» TASK DETAILS
Using the records that follow, reproduce exactly the lines starting at the line containing "Diamantskive PCD Board" and ending at the line containing "You can use". Include both end lines and no pictures.

» THE INPUT
────

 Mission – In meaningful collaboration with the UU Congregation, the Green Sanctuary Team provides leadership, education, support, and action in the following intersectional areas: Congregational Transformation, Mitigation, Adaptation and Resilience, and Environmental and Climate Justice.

────

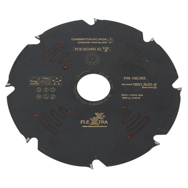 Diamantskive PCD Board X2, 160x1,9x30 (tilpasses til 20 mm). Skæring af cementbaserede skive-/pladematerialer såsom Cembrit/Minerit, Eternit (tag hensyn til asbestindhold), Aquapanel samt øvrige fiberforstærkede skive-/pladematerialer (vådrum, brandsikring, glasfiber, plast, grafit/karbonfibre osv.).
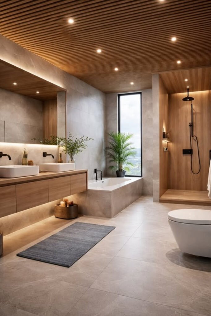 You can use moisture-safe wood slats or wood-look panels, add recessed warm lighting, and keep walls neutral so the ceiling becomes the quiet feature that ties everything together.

────

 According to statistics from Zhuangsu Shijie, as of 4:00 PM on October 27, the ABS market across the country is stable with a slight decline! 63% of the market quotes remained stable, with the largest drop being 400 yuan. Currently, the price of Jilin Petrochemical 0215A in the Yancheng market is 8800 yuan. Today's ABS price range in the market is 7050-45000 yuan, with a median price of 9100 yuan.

────

» SOLUTION TO THE EXERCISE
 Diamantskive PCD Board X2, 160x1,9x30 (tilpasses til 20 mm). Skæring af cementbaserede skive-/pladematerialer såsom Cembrit/Minerit, Eternit (tag hensyn til asbestindhold), Aquapanel samt øvrige fiberforstærkede skive-/pladematerialer (vådrum, brandsikring, glasfiber, plast, grafit/karbonfibre osv.).
 You can use moisture-safe wood slats or wood-look panels, add recessed warm lighting, and keep walls neutral so the ceiling becomes the quiet feature that ties everything together.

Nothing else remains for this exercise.